Le bongo des montagnes est devenu le «fantôme de la forêt», difficile à repérer au milieu des denses arbustes grâce à son camouflage exceptionnel.
Espèce en danger critique d’extinction, l’animal est progressivement réintroduit dans son milieu naturel par des défenseurs de l’environnement afin d’accroître la population de cette antilope rare, indigène des forêts kenyanes.
Le bongo des montagnes est une antilope rare reconnaissable à sa robe brune et à ses rayures blanches caractéristiques. Avec moins de 100 individus restants à l’état sauvage, une réserve naturelle basée au Kenya les élève et les réintroduit progressivement dans la nature, avec pour objectif d’atteindre 750 bongos sauvages d’ici 2050.
Située sur les pentes brumeuses du mont Kenya, le plus haut sommet du Kenya, en bordure de forêt, la réserve de faune sauvage du mont Kenya, d’une superficie de 506 hectares, dans la région de Nanyuki, s’emploie à restaurer les instincts de survie des bongos nés en captivité. L’objectif est de garantir que ces animaux puissent se nourrir sans intervention humaine, échapper aux prédateurs et développer une forte immunité contre les maladies à l’état sauvage.
La semaine dernière, la réserve a importé quatre nouveaux bongos mâles de l’Association européenne des zoos et aquariums (EAZA), via la République tchèque. Ces nouveaux arrivants, actuellement en quarantaine et en observation constante, seront croisés avec les descendants de 18 bongos arrivés des États-Unis en 2004, afin d’assurer une plus grande diversité génétique.
Le responsable de la réserve, le Dr Robert Aruho, explique que la consanguinité entre bongos aux gènes similaires est découragée dans le cadre de la reconstitution de la population de cette espèce en danger critique d’extinction.
«Nous voulons des bongos non seulement robustes physiquement, mais aussi porteurs de gènes forts pour la génération suivante», a-t-il déclaré.
Les bongos sont originaires des forêts du mont Kenya, d’Aberdare, d’Eburu et de Mau, au Kenya, qui jouent un rôle essentiel dans la protection des forêts vitales pour l’approvisionnement en eau du pays.
Le dernier bongo sauvage a été aperçu dans la forêt du mont Kenya en 1994, avant que la réserve ne réintroduise les dix premiers bongos dans la nature en 2022. Aujourd’hui, ils évoluent parmi les lianes et les arbustes orangés qui constituent une partie de leur végétation préférée.
La population de bongos a fortement diminué après la mort de milliers d’entre eux lors d’épidémies dans les années 1960. Dans les années 1980, le défenseur de l’environnement Don Hunt a exporté 36 bongos aux États-Unis afin de les élever en captivité, dans l’optique de les réintroduire dans leur milieu naturel une fois les conditions améliorées.
Lors de l’ouverture de la réserve faunique du mont Kenya en 2004, 18 descendants de ces bongos ont été importés et se sont depuis croisés avec d’autres espèces, portant la population de la réserve à 102 individus.
Caroline Makena, 33 ans, a grandi dans la région du mont Kenya et se souvient des récits de sa grand-mère sur les bongos, qui affirmait que c’était la viande de brousse préférée de sa communauté. Pourtant, elle n’en avait jamais vu avant de venir travailler comme jardinière dans la réserve.

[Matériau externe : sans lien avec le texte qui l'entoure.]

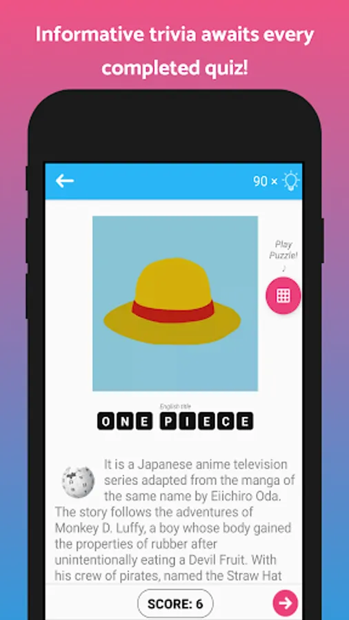 You will definitely enjoy playing this anime app with more than 200 anime titles. You also definitely discover new animes to watch with wide variety of genres. It will never get you bored! We also have anime trivia in each title as you complete them so while playing, you will also learn more about the anime's author, origin, synopsis, story plot, characters and many more.
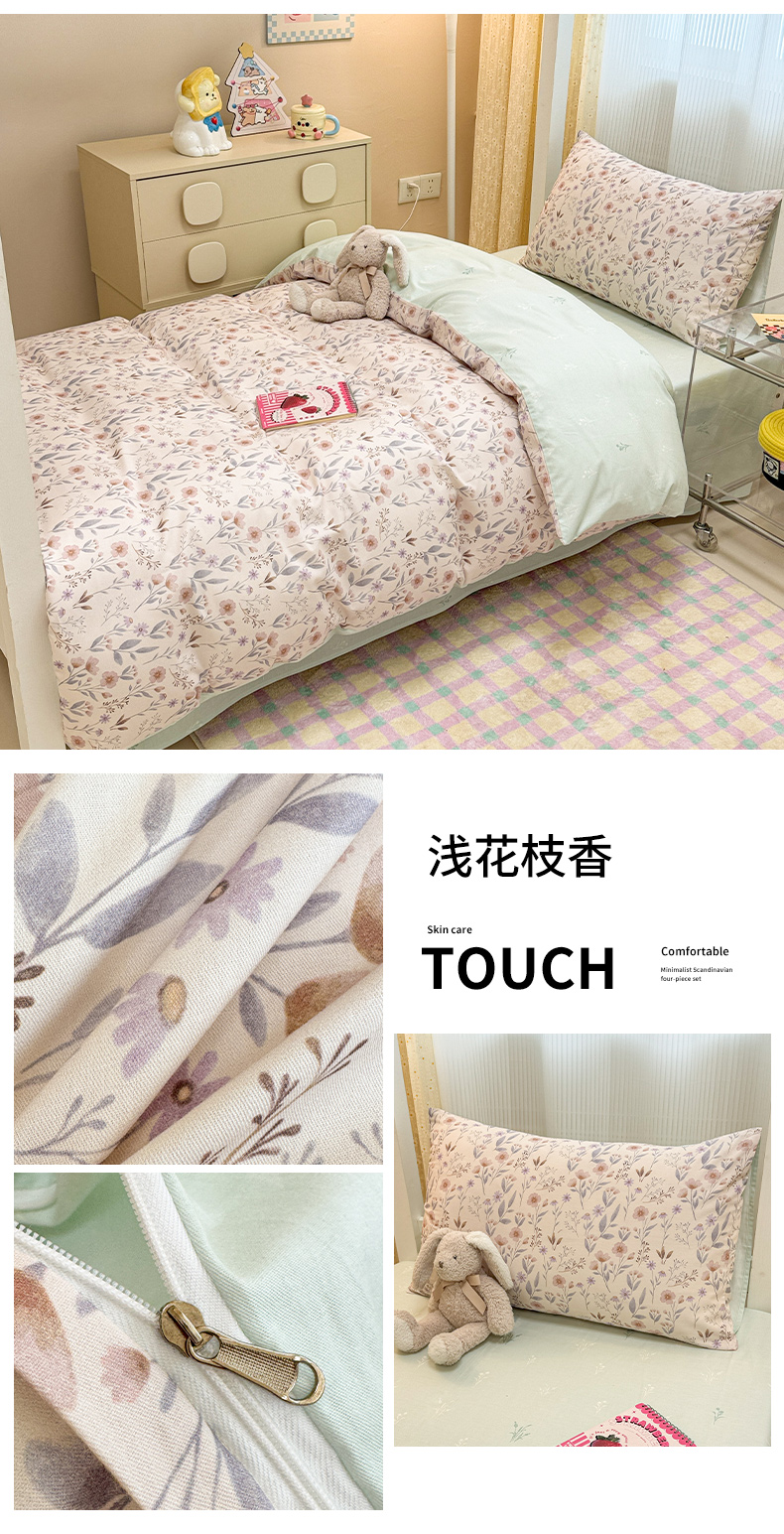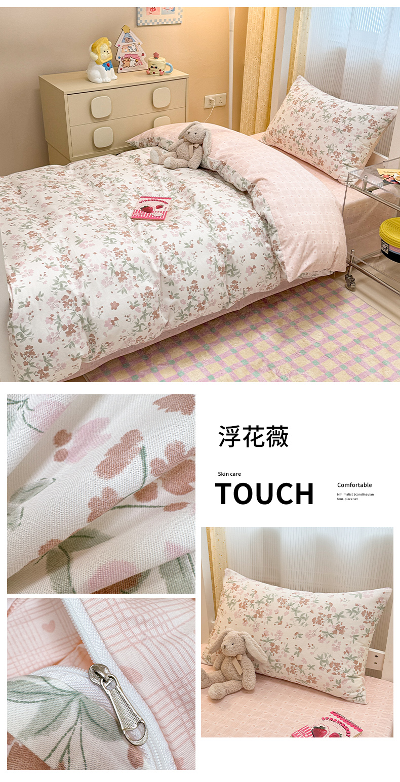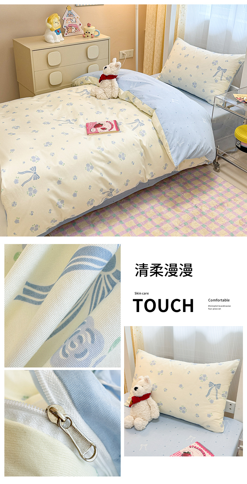 当前位置: 91家纺网 > 商品网购 > 床品套件 > 三件套 > 小懒猪 2025新款ins风小红书同款卡通小清新13372全棉纯棉AB版学生上下铺三件套 福满多
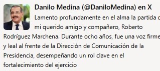 Santo Domingo, RD.- El expresidente Danilo Medina lamentó el fallecimiento de Roberto Rodríguez Marchena, exvocero del Gobierno y miembro del Comité Político del Partido de la Liberación Dominicana (PLD), debido a un paro cardíaco en su residencia.
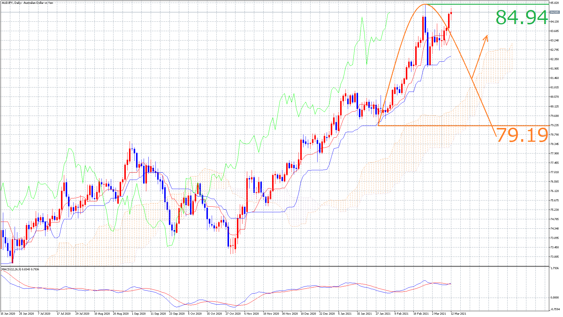 上記までのことから今は、4時間足の天井を迎えていく可能性が想定はされますが、日足目線で見ると高値を更新する可能性も想定できます。
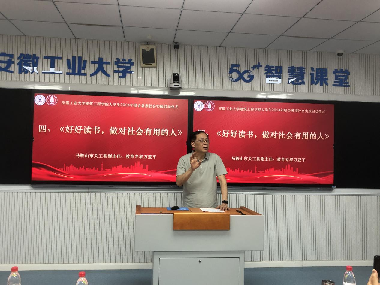 万亚平做专题讲座《好好读书,做对社会有用的人》,以程开甲院士等老一辈科学泰斗为我国核武器研制和核试验等作出的突出贡献为榜样力量,希望同学们能立足新时代,努力成为能担当起民族复兴大任的时代新人。常敬佩以《强化河湖长制守护幸福河湖》为题,分享马鞍山市关于河湖保护系列措施,并希望同学们能够共同维护水环境、水生态,让每条河都实现“河畅、水清、岸绿、景美、人和”。会议最后,由万亚平、张虎、王颖之共同宣布:香港六合彩 大学生2024年联合暑期社会实践正式启动。
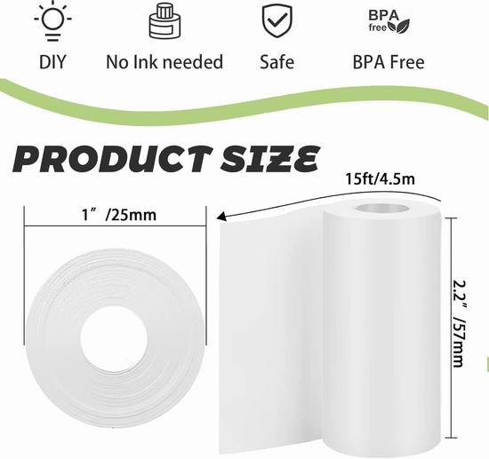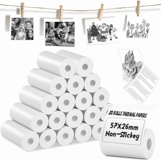 采用不含BPA、安全无毒的纸张,无论有儿童或宠物,都可以放心使用。纸卷可兼容几乎所有迷你热敏打印机,使用热敏纸进行热敏打印,无需担心墨水污渍。纸卷小巧便携,可轻松放入包中,方便取用。共20卷,每卷长3.5米,宽57毫米。保质期3年。
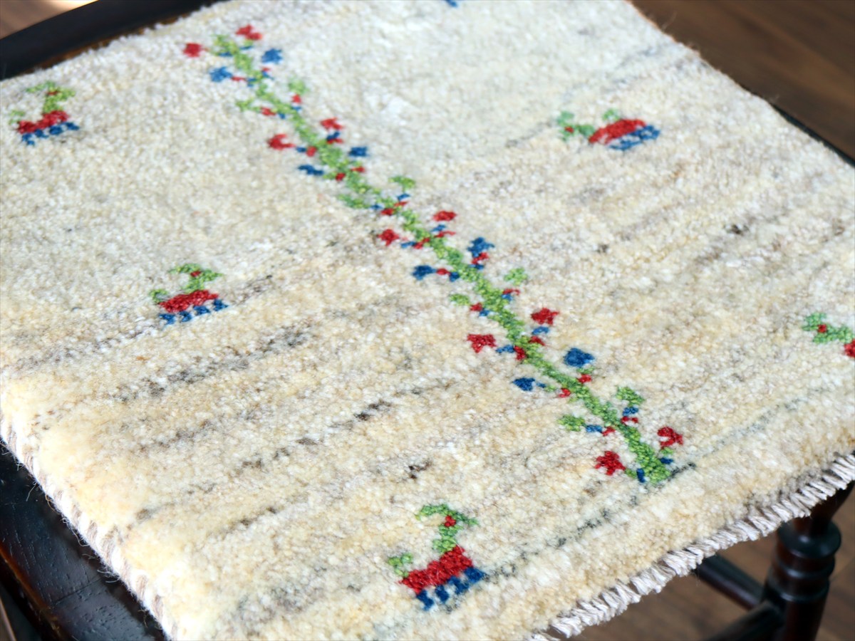 ギャッベ イラン産手織り 座布団サイズ 39×40cm ナチュラルアイボリー 連なる生命の樹と動物
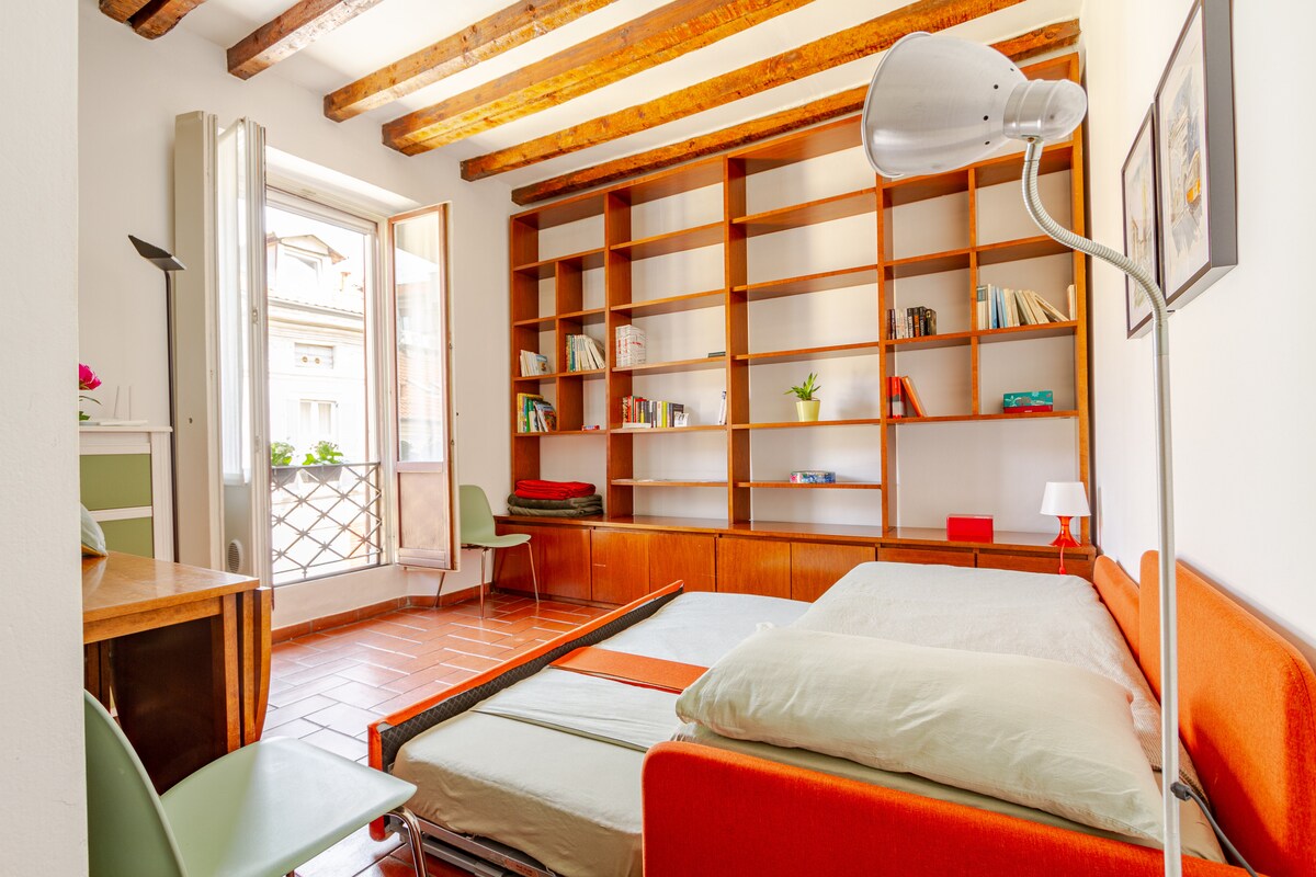 Grazioso monolocale nel centro storico, appena ristrutturato, con pavimento in cotto e travi a vista, molto luminoso grazie alle due grandi porte finestre. Perfetto per 2 persone grazie al divano letto a due letti separati che possono essere affiancati. Situato in una via tranquilla vicino alla Darsena e ai Navigli e ai bei negozi di Corso Genova e di Corso di Porta Ticinese. In 15 minuti si può raggiungere piazza del Duomo a piedi o con i mezzi pubblici. Riscaldamento e A/C autonomi.
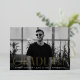 Simple invitación de graduación con la foto horizontal del graduado con "Graduado" exhibida en Relieve metalizado dorado con letras modernas de arte deco. Personalice la parte delantera de la invitación de graduación con fotos agregando el nombre del graduado, la escuela y el año de postgrado. La invitación se invierte para mostrar un diseño giratorio geométrico en blanco y negro.
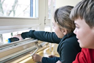 Die Kinder der 5b in der Grundschule unter den Bäumen sind geborene Problemlöser. Im Projektunterricht wurden die Temperaturverläufe im Klassenzimmer diskutiert, die die Fünftklässler mit verschiedenen Arten von digitalen Thermometern gemessen hatten. Natürlich kam dabei auch die Frage auf, welche Lüftungsmethoden am besten geeignet sind, um im Winterhalbjahr die verbrauchte Luft im Klassenzimmer auszutauschen.
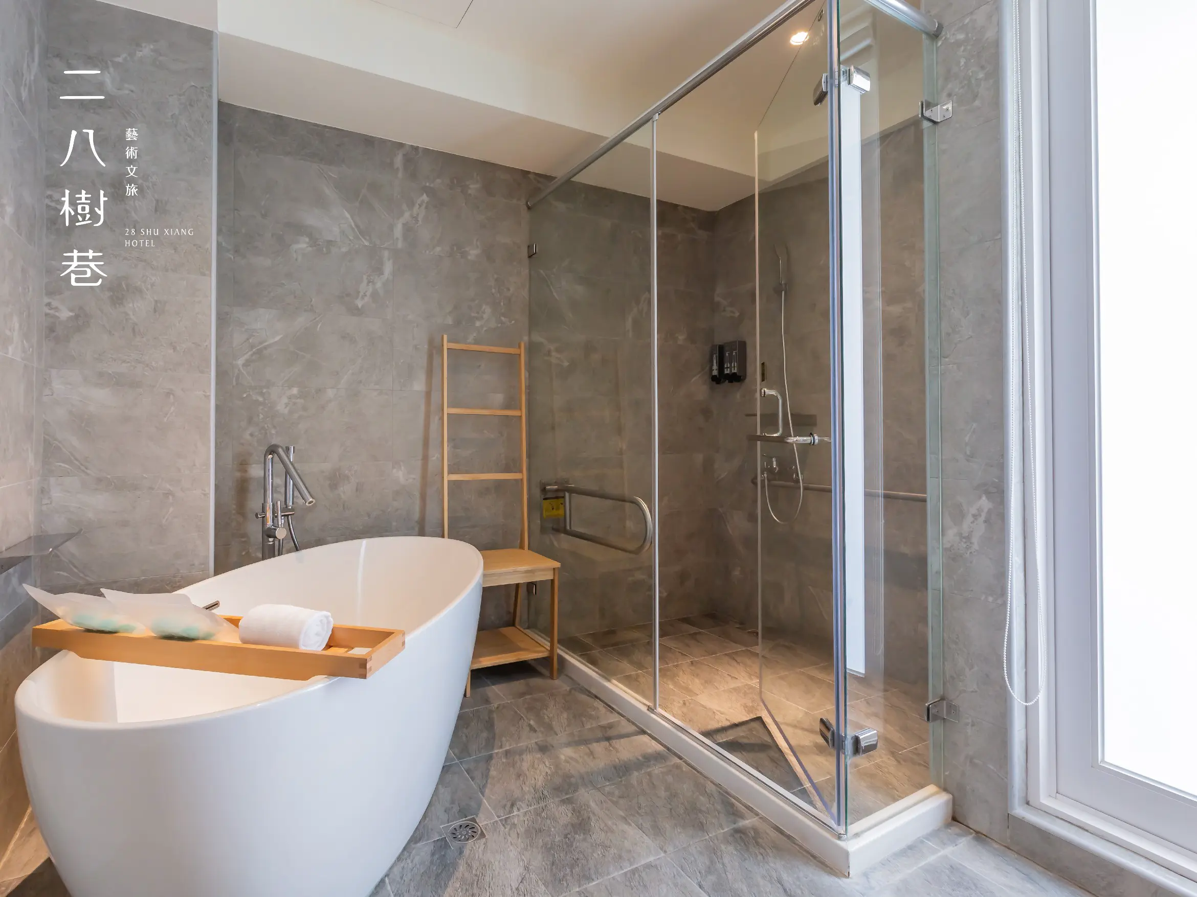 二八樹巷最友善的房型,如果此次旅行有長輩同行,或與行動不便人士一同出遊,此房型在浴室裡設置了安全扶手,讓有需要的朋友在浴室中有更多的安全協助,同時浴室裡也同樣配備獨立蛋型浴缸,讓辛苦的旅途後依然可以得到舒舒服服的熱水澡。
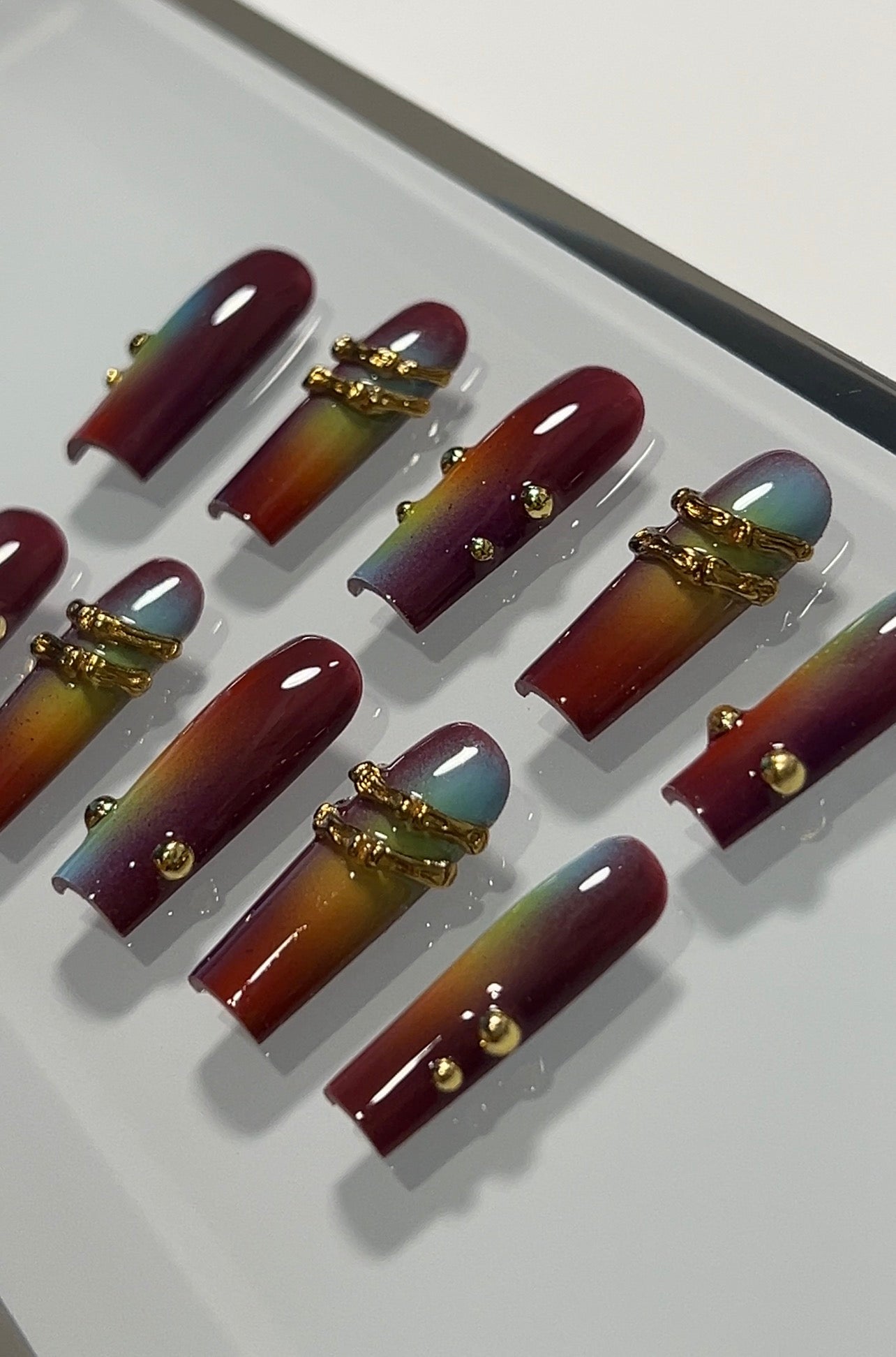 Painted gel base and light touches of airbrush to give a rainbow aura effect with hand sculpted bamboo bangles for a luxury feel ššŖ

«Je ne savais pas que les bongos étaient aussi beaux, et je pense que ma communauté les appréciait non seulement pour leur viande, mais aussi pour leur beauté», a-t-elle commenté.
Les bongos sont timides et savent se camoufler malgré leurs rayures blanches distinctives. Ces atouts sont essentiels à leur survie à l’état sauvage. Andrew Mulani, assistant du programme de conservation des bongos au sein de la réserve, explique que les bongos sont suivis pendant des mois avant d’être réintroduits dans la nature afin de sélectionner les individus les plus timides, car les animaux dociles seraient des proies faciles pour les prédateurs.
Son plus grand moment de satisfaction a été la naissance du quatrième bongo à l’état sauvage l’année dernière, signe que les bongos prospèrent dans leur habitat naturel et que leur population est appelée à croître.
La gestation des bongos dure neuf mois, un facteur qui a freiné la croissance de leur population. Ils sont également plus sensibles à certaines plantes et conditions météorologiques que d’autres espèces d’antilopes vivant dans le même écosystème.
Alors que l’équipe de conservationnistes du mont Kenya s’efforce de sauver cette espèce en danger critique d’extinction, en complétant le régime alimentaire des bongos, composé d’arbustes, par des granulés nutritifs spéciaux, des milliers de touristes qui visitent chaque année la réserve s’émerveillent devant leurs cornes spiralées, espérant que ce «fantôme de la forêt» deviendra une vision plus commune dans les forêts kenyanes.